In the optical disc device, a track access operation is generally performed at the time of recording and reproducing information. During the access operation, the difference between the current track address and the target track address is obtained, and the track is advanced by the difference to perform positioning on the target track.

FIG. 3 shows a conventional example. In the conventional example shown in FIG. 3, the laser beam from the laser light source 51 passes through the collimator lens 52, the beam splitter 53, and the objective lens 54 and is applied to the optical disc 55. Further, the reflected beam from the optical disc 55 is changed in direction by the beam splitter 53 and becomes an input to the tracking error signal generating means 56. The tracking error signal generating means 56 outputs the tracking error signal S ₅₉ to the zero slice means 57. A track crossing pulse S ₅₇ is output from the zero slice means 57 to the track counter 58.

Next, the operation of this conventional example will be described. The laser beam emitted from the laser light source 51 is a collimating lens.
It is condensed by 52 and becomes a parallel beam, and the beam splitter 53
Through the objective lens 54 and focused on the surface of the optical disc 55. Next, the light reflected on the surface of the optical disk 55 contains a signal for discriminating between the groove on the track and the groove, and is condensed by the objective lens 54 to be a parallel bee, and the course is bent by the beam splitter 53 to perform tracking. It becomes an input of the error signal generating means 56.

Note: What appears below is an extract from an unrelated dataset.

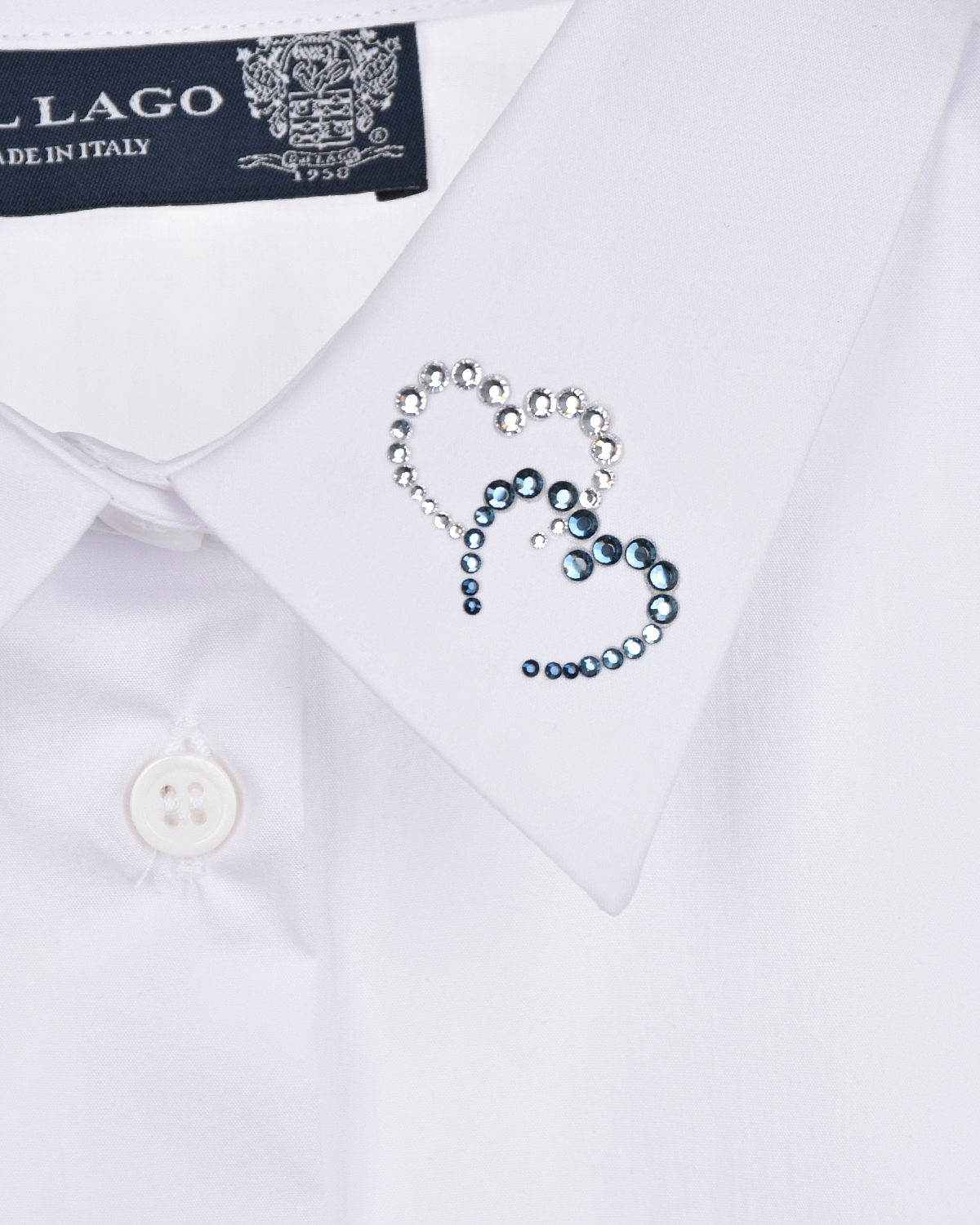 Белая рубашка со стразами на воротнике

The tracking error signal generating means 56 outputs a tracking error signal 59 corresponding to the track groove and the track groove as shown in FIG. 6 (b). Then, the tracking error signal S ₅₆ is zero-sliced by the zero-slicing means 57, and as shown in FIG. 6C, the track crossing pulse S _57.
And is counted by the track counter 58. Since this count number corresponds to the number of traversed tracks, if the vehicle stops at the target count number, it becomes the target track address position.

[Problems to be solved by the invention]

In the above-mentioned conventional example, the target positioning is performed by the head moving mechanism during the high-speed track access operation. At this time, the moving speed of the head moving mechanism is set by the speed reference signal to be a constant acceleration or a constant deceleration according to the remaining distance during the movement. When the acceleration and deceleration operations are performed, an external force is applied to the lens, so that a positional deviation occurs in the lens according to the acceleration or deceleration, and due to this positional deviation, the tracking error signal includes the tracking error signal shown in FIGS. An offset occurs as shown in.

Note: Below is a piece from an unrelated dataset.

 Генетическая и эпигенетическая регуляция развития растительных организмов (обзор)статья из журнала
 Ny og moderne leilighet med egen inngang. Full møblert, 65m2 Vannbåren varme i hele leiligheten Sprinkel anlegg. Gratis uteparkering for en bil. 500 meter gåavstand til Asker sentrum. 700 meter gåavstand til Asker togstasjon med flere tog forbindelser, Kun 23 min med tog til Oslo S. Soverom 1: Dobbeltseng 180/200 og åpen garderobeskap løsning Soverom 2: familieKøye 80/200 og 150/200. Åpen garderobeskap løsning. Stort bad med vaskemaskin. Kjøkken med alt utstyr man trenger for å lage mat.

If the band of the lens positioning servo system is set to ω _C , a position shift of “α / ω _c ² ” is generated with respect to the acceleration α when the head is moved. Therefore, the higher the acceleration, the faster the access. The offset amount of the tracking error signal S ₅₆ increases.

Since the tracking error signal S ₅₆ is amplitude-modulated in the data recording section and the preformat section,
When an offset occurs in the tracking error signal as shown in the figure, a gap occurs in the track crossing pulse S ₅₇ .
Therefore, it is difficult to accurately measure the number of track crossings, and the target track address position is displaced.

[Object of the invention]

It is an object of the present invention to provide an optical disk device which improves the disadvantages of the conventional example and can count the number of track crossings with high accuracy and track positioning with high accuracy even during a high-speed track access operation. is there.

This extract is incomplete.